Si me hubiese agachado aunque sólo hubiese sido un instante para atarme los cordones de los zapatos, se hubiera arrojado sobre mí.
—Pero se los diste, ¿no?
—Se los di —dijo Yasmin—. Le di la trufa.
—¿Por qué?
—Porque en cierto sentido es más fácil manipularlos cuando están sometidos a la influencia de los polvos. Entonces no saben demasiado bien lo que hacen.
—¿Funcionó bien la trufa?
—Siempre funciona bien —dijo—. Pero esta vez era una dosis doble, así que funcionó mejor.
—¿Mucho mejor?
—Los sodomitas son diferentes —dijo ella.
—No lo dudo.
—Verás, cuando un hombre corriente queda enloquecido por el escarabajo vesicante, lo único que quiere es violar a la mujer allí mismo. Pero cuando el que se queda enloquecido por los polvos es un homosexual, lo primero que piensa no es en ponerse a sodomizarte allí mismo. Primero lanza violentos ataques, tratando de agarrarte la verga.
—Una situación algo difícil para ti.
—Y que lo digas —dijo Yasmin—. Sabía que si le dejaba acercarse lo suficiente como para cogerme, todo lo que iba a encontrar era un plátano hecho papilla.
—¿Qué hiciste entonces?
—Me dediqué a saltar para ponerme fuera de su alcance. Y al final, naturalmente, aquello se convirtió en una persecución. Él corría detrás de mí por toda la habitación, tirando todo lo que encontraba a su paso.
—Muy agotador.
—Sí, y encima, a mitad de la cacería se abrió la puerta y apareció la desagradable criada que dijo: “Monsieur Proust, este ejercicio es muy malo para su asma.”
»“¡Largo de aquí! —chilló él—. ¡Lárgate de aquí, so bruja!”
—Imagino que ella está bastante acostumbrada a estas cosas —dije.
—Estoy segura de que lo está —dijo Yasmin—. Fuera como fuese, en medio de la habitación había una mesa tan larga que en seguida comprendí que mientras no me apartase de ella jamás podría alcanzarme. Lo malo era que a él parecía divertirle mucho esta parte del asunto, y en seguida pensé que esta persecución por todo el cuarto debía ser una primera fase esencial para esta clase de tipos.

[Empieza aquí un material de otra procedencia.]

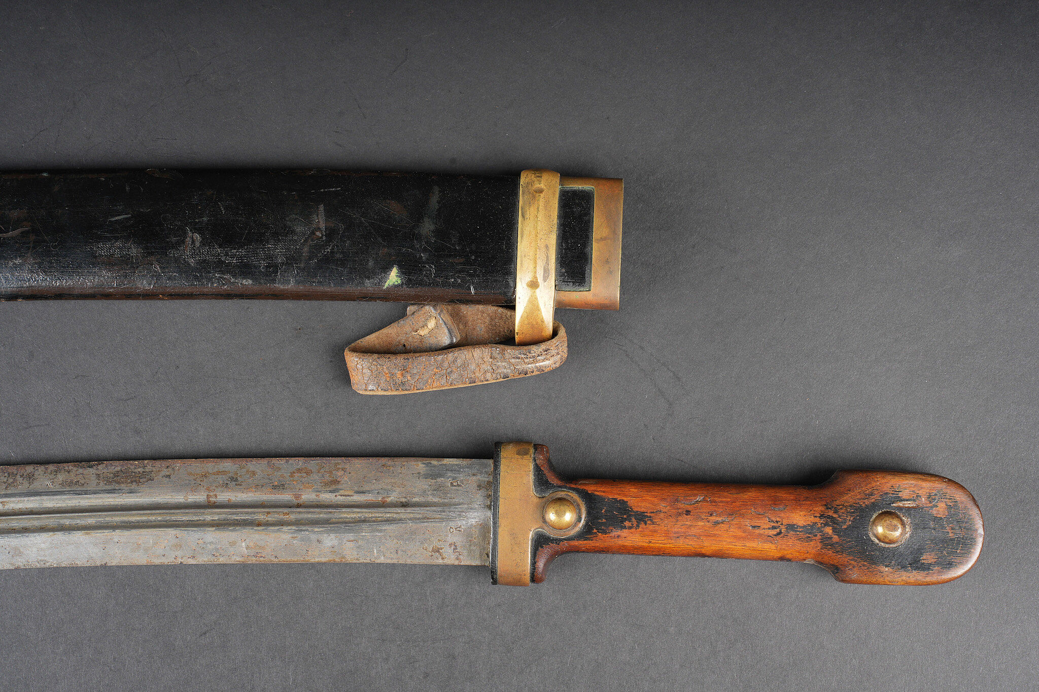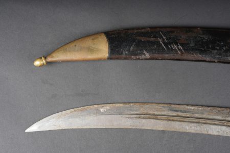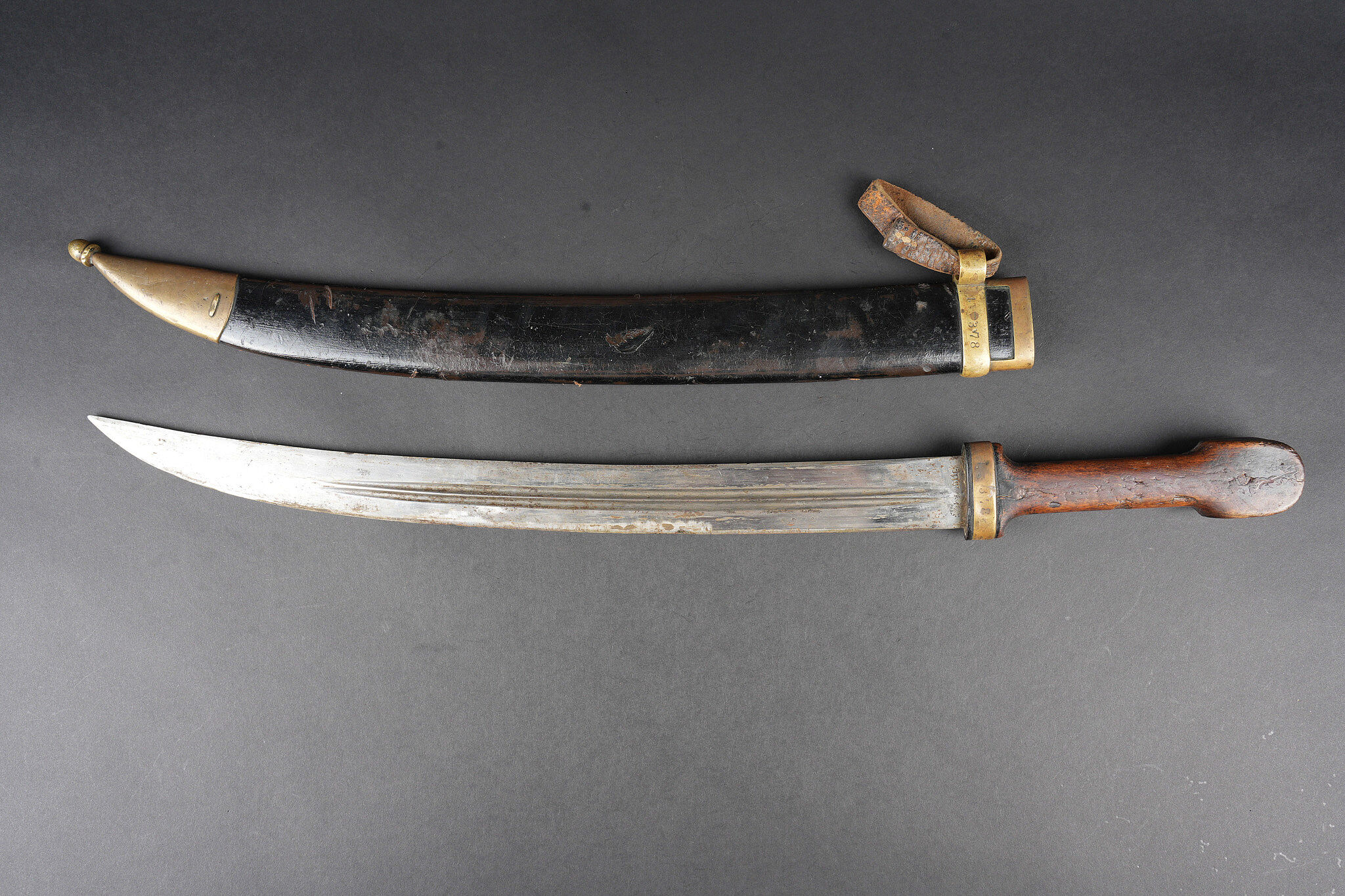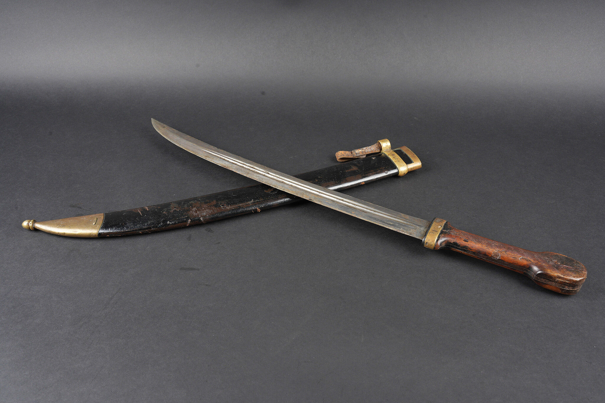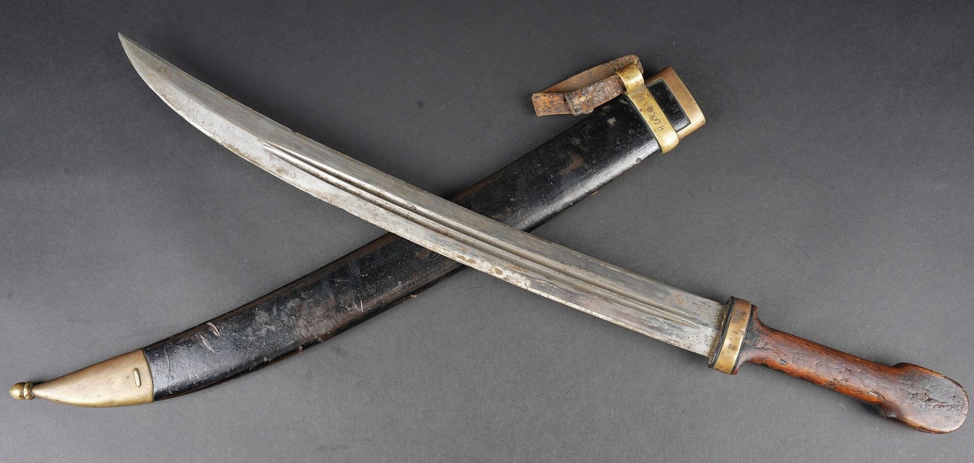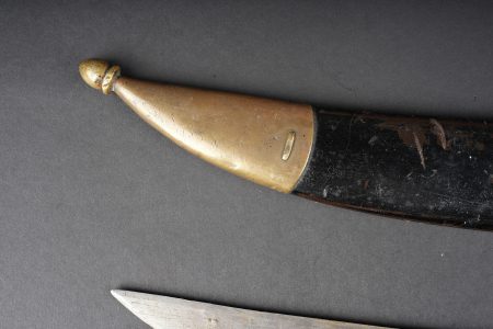 Bebou 1909 artillerie. Beau bebou d’artillerie russe modèle 1909, la lame est dans sa longueur d’origine et possède le poinçon à l’aigle bicéphale ainsi que l’année 1911. Sur l’autre face on trouve un poinçon surmonté d’une couronne. Poignée composée de deux plaquettes en bois maintenues par deux rivets en laiton, la garde en laiton porte le numéro 378. Fourreau réglementaire avec garnitures en laiton et portant également le numéro 378, petit passant de ceinturon en cuir. Arme en bon état et peu courante. Selon les informations du vendeur, cette pièce proviendrait de La Courtine, camp occupait par les soldats russes à partir de 1917, près de 20.000 hommes y auraient séjourné. Russian artillery bebou model 1909. Blade in original length with double-headed eagle proof and the date 1911, the reverse bears a crowned stamp. Grip with two wooden scales secured by brass rivets, brass guard numbered 378. Regulation scabbard with brass mounts also numbered 378 and small leather belt loop. Scarce example in good condition. Reportedly from La Courtine Russian camp occupied from 1917.

—Algo así como un precalentamiento.
—Exacto —dijo ella—. Y mientras dábamos vueltas y más vueltas a la mesa, él no dejaba de decirme cosas.
—¿Qué clase de cosas?
—Guarradas —dijo ella—. No vale la pena repetirlas. Por cierto que lo del plátano bajo los pantalones fue un error.
—¿Por qué?
—Abultaba demasiado —dijo—. Él se fijó en seguida. Y mientras me perseguía alrededor de la mesa, iba señalándolo y cantándole alabanzas. Yo ansiaba decirle que no era más que un estúpido plátano de un frutero del Hotel Ritz, pero no podía hacerlo. El plátano le ponía ciego, y a cada segundo eran más fuertes los efectos del escarabajo vesicante. Y de repente comprendí que tenía que resolver además otro grave problema. ¿Cómo diablos iba a poder colocarle el artilugio de caucho antes de que saltase sobre mí? Me parece que no hubiera colado decirle que se trataba de una precaución imprescindible, ¿no te parece?
—Cierto.
—Quiero decir que, al fin y al cabo, ¿qué razón podía darle para tratar de explicar simplemente el hecho de que lo llevara en el bolsillo?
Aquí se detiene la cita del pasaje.